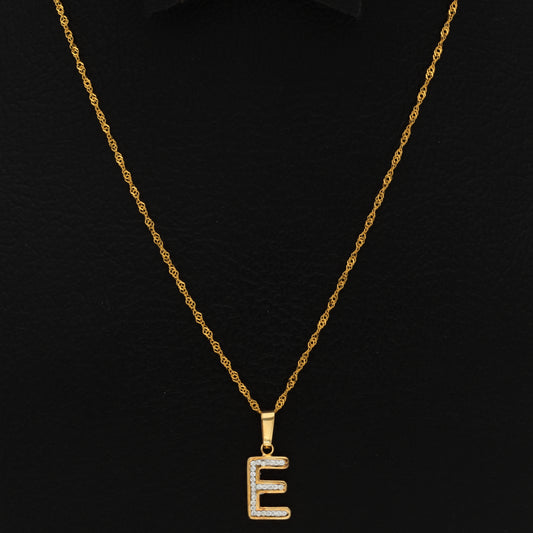 Gold Necklace (Chain with E Shaped Alphabet Letter Pendant) 18KT - FKJNKL18K9411
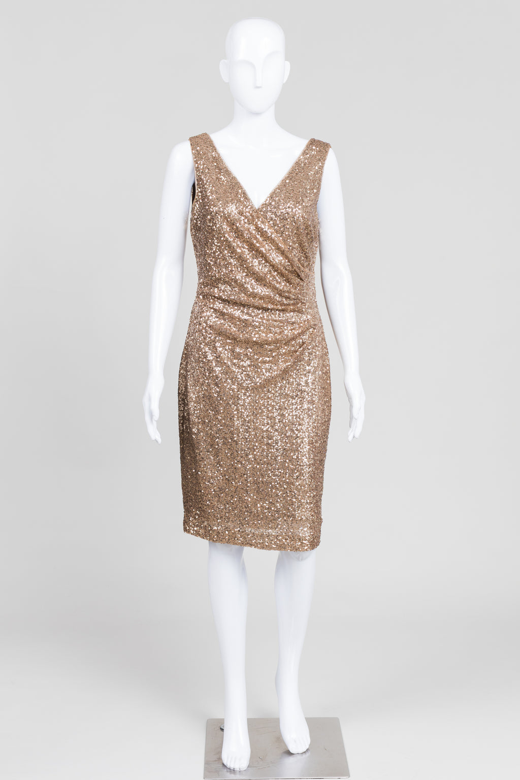 Lauren Ralph Lauren Gold Sequin Sleeveless Wrap Look Cocktail Dress (10)
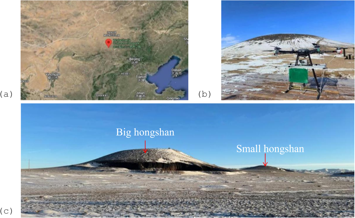 Background information for ground testing. (a) Location of the ground-test area (red marker); (b) UAV equipped with ACSR; (c) panoramic view of the ground-test area.
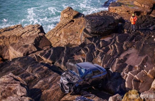 最后,损毁车辆被吊车从岩石上拖走。
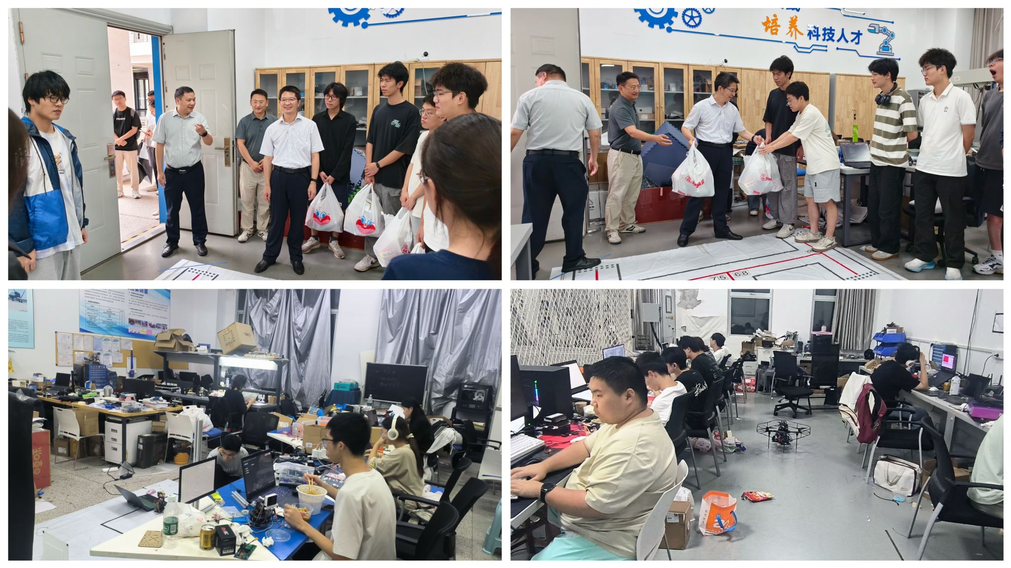 当日正值2025年全国大学生电子设计竞赛江苏赛区比赛时间,该赛事采用四天三夜24小时不间断的比赛赛制,学校共有67个团队、200名同学参赛。在创新创业学院、工程训练中心、应用技术学院负责人的陪同下,朱松青一行深入竞赛现场,仔细查看同学们的工作环境,详细了解竞赛选题、设备调试以及团队协作等情况。实验室中,参赛队员们全神贯注地投入到电路设计、程序编写和系统调试工作中,现场氛围紧张而有序。朱松青驻足观看参赛作品雏形,与参赛团队成员深入交流,关切询问备赛过程中遇到的困难和需求,对同学们展现出的扎实专业功底、创新思维以及团队协作精神给予充分肯定,并叮嘱大家:“连续作战体力消耗大,要多补充营养,注意防暑降温,合理安排作息时间,以最佳状态投入比赛。”
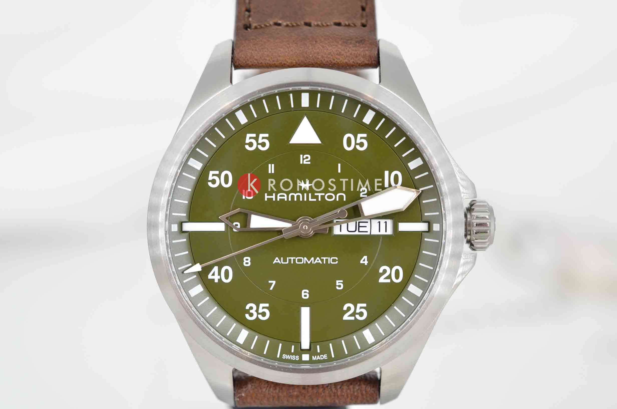 Созданная для настоящих фанатов авиации, модель Khaki Aviation Pilot Day Date пробуждает характерный для коллекции Khaki дух исследований и приключений. Эти часы оснащены автоматическим механизмом H-30 с 80-часовым запасом хода и спиралью баланса из сплава Nivachron™.
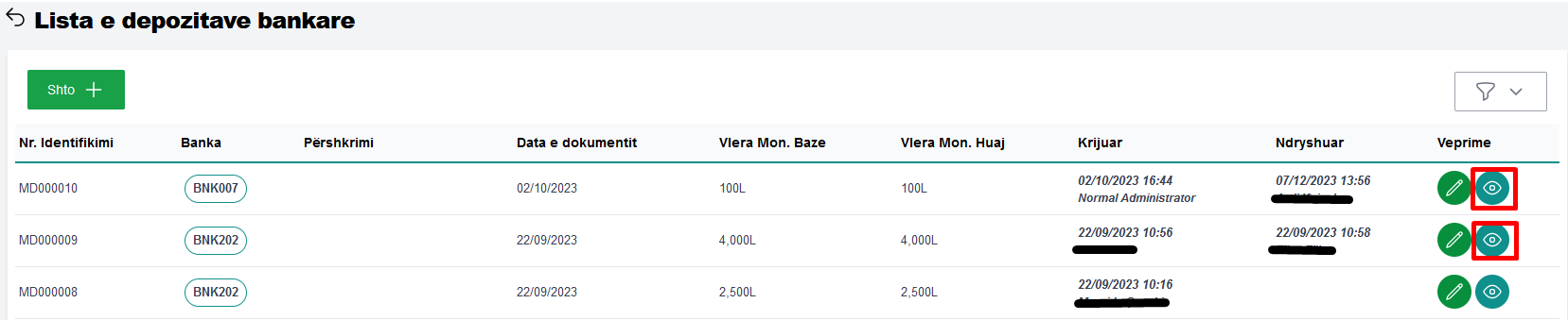 Për të parë të gjitha detaj e një mandat depozitimi, përzgjidhni mandatin dhe klikoni në butonin Shiko (fig 3.1)
******
What to do
Return each record exactly as given, excluding any image.

Solution for this problem
 Gold Necklace (Chain with E Shaped Alphabet Letter Pendant) 18KT - FKJNKL18K9411
 Lauren Ralph Lauren Gold Sequin Sleeveless Wrap Look Cocktail Dress (10)
 Background information for ground testing. (a) Location of the ground-test area (red marker); (b) UAV equipped with ACSR; (c) panoramic view of the ground-test area.
 最后,损毁车辆被吊车从岩石上拖走。
 当日正值2025年全国大学生电子设计竞赛江苏赛区比赛时间,该赛事采用四天三夜24小时不间断的比赛赛制,学校共有67个团队、200名同学参赛。在创新创业学院、工程训练中心、应用技术学院负责人的陪同下,朱松青一行深入竞赛现场,仔细查看同学们的工作环境,详细了解竞赛选题、设备调试以及团队协作等情况。实验室中,参赛队员们全神贯注地投入到电路设计、程序编写和系统调试工作中,现场氛围紧张而有序。朱松青驻足观看参赛作品雏形,与参赛团队成员深入交流,关切询问备赛过程中遇到的困难和需求,对同学们展现出的扎实专业功底、创新思维以及团队协作精神给予充分肯定,并叮嘱大家:“连续作战体力消耗大,要多补充营养,注意防暑降温,合理安排作息时间,以最佳状态投入比赛。”
 Созданная для настоящих фанатов авиации, модель Khaki Aviation Pilot Day Date пробуждает характерный для коллекции Khaki дух исследований и приключений. Эти часы оснащены автоматическим механизмом H-30 с 80-часовым запасом хода и спиралью баланса из сплава Nivachron™.
 Për të parë të gjitha detaj e një mandat depozitimi, përzgjidhni mandatin dhe klikoni në butonin Shiko (fig 3.1)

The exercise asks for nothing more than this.